A new study suggests that changes in an overactive immune system can contribute to autism-like behaviors in mice.
The study from the California Institute of Technology (Caltech) also found that, in some cases, this activation can be related to what a developing fetus experiences in the womb.
“We have long suspected that the immune system plays a role in the development of autism spectrum disorder,” said Dr. Paul Patterson, the Anne P. and Benjamin F. Biaggini Professor of Biological Sciences at Caltech, who led the work.
“In our studies of a mouse model based on an environmental risk factor for autism, we find that the immune system of the mother is a key factor in the eventual abnormal behaviors in the offspring.”
The first step was establishing a mouse model that tied the autism-related behaviors to immune changes, he said.
Several large studies — including one that involved tracking the medical history of every person born in Denmark between 1980 and 2005 — found a correlation between viral infection during the first trimester of a mother’s pregnancy and a higher risk for autism in her child. As part of the new study, researchers injected pregnant mouse mothers with a viral mimic that triggered the same type of immune response a viral infection would.
“In mice, this single insult to the mother translates into autism-related behavioral abnormalities and neuropathologies in the offspring,” said Elaine Hsiao, a graduate student in Patterson’s lab and lead author of the paper.
The team found that the offspring exhibit the core behavioral symptoms associated with autism spectrum disorder, including repetitive or stereotyped behaviors, decreased social interactions, and impaired communication.
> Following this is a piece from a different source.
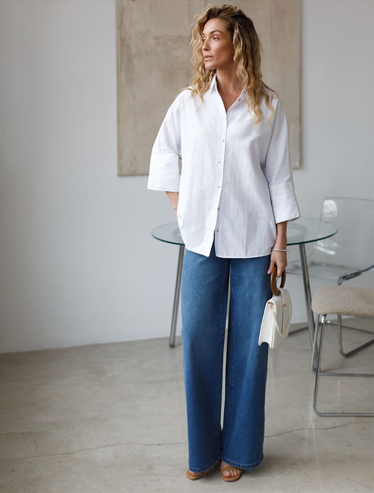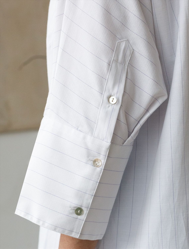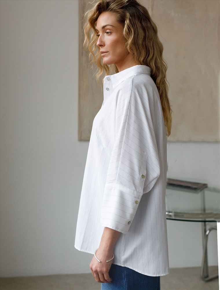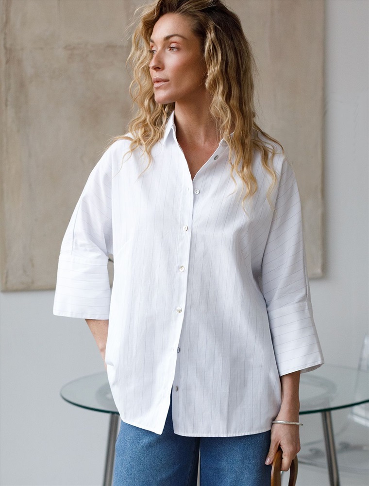 Стильная блузка белого цвета в лавандовую полоску идеально держит форму и подчеркивает любую фигуру. Свободный крой с цельнокроеным рукавом 3/4 создает эффект легкой непринужденности и комфорта, а манжеты на рукавах добавляют аккуратности и завершенности образу. Отложной воротник придает блузке классическую нотку, которая гармонично сочетается в деловом образе. Хлопок с добавлением льна гарантирует отличную посадку, подчеркивая достоинства и скрывая недостатки, при этом сохраняет свежесть на протяжении всего дня. Такая рубашка станет великолепным выбором для тех, кто ценит удобство и стиль одновременно. Модель удачно сочетается с различными предметами гардероба, позволяя создавать стильные и практичные образы в любую погоду.

In mice, this translates to such behaviors as compulsively burying marbles placed in their cage, excessively self-grooming, choosing to spend time alone or with a toy rather than interacting with a new mouse, or vocalizing ultrasonically less often or in an altered way compared to typical mice.
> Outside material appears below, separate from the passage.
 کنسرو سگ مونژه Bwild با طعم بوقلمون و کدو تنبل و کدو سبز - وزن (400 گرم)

Next, the researchers studied the immune system of the offspring of mothers that had been infected and found that they displayed a number of immune changes.
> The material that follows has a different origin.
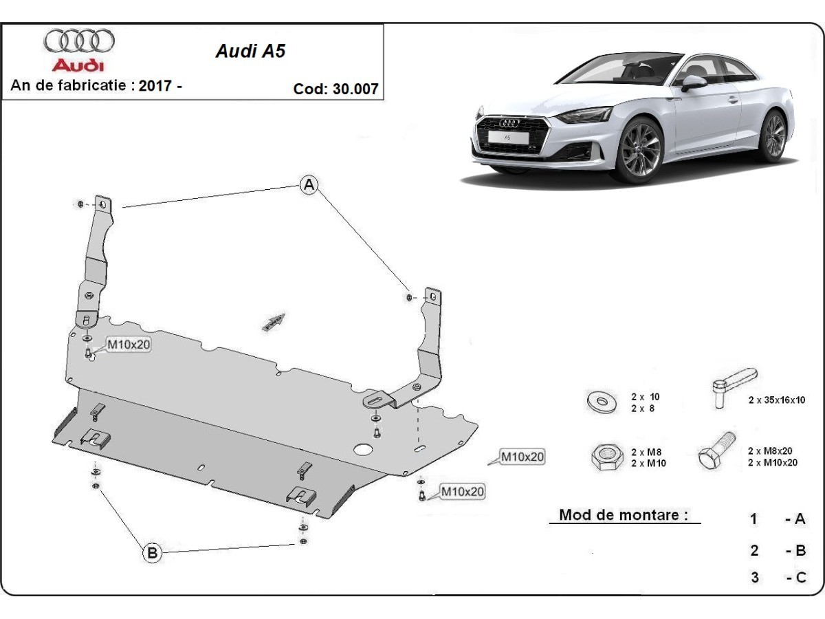 Ocelový kryt podvozku je přizpůsoben originálním montážním bodům a upevňuje se pomocí kompletní sady plechů, šroubů a matic.

Some of those changes parallel those seen in people with autism, including decreased levels of regulatory T cells, which play a role in suppressing the immune response, the researchers said.
Taken together, the observed alterations add up to an immune system in overdrive, which promotes inflammation.
“Remarkably, we saw these immune abnormalities in both young and adult offspring of immune-activated mothers,” Hsiao said. “This tells us that a prenatal challenge can result in long-term consequences for health and development.”
The researchers were then able to test whether the offspring’s immune problems contribute to their autism-related behaviors. In a test of this hypothesis, the researchers gave the affected mice a bone-marrow transplant from typical mice.
The normal stem cells in the transplanted bone marrow not only replenished the immune system of the mice, but altered their autism-like behavior, the researchers report.
The researchers note that because the work was conducted in mice, the results cannot be readily extrapolated to humans, and they do not suggest that bone-marrow transplants should be considered as a treatment for autism.
They also have yet to establish whether it was the infusion of stem cells or the bone-marrow transplant procedure itself — complete with irradiation — that corrected the behaviors.
However, the results do suggest that immune irregularities in children could be an important target for innovative immune manipulations in addressing the behaviors associated with autism, said Patterson. By correcting these immune problems, it might be possible to ameliorate some of the classic developmental delays seen in autism, he noted.
The results appear in a paper in the Proceedings of the National Academy of Sciences (PNAS).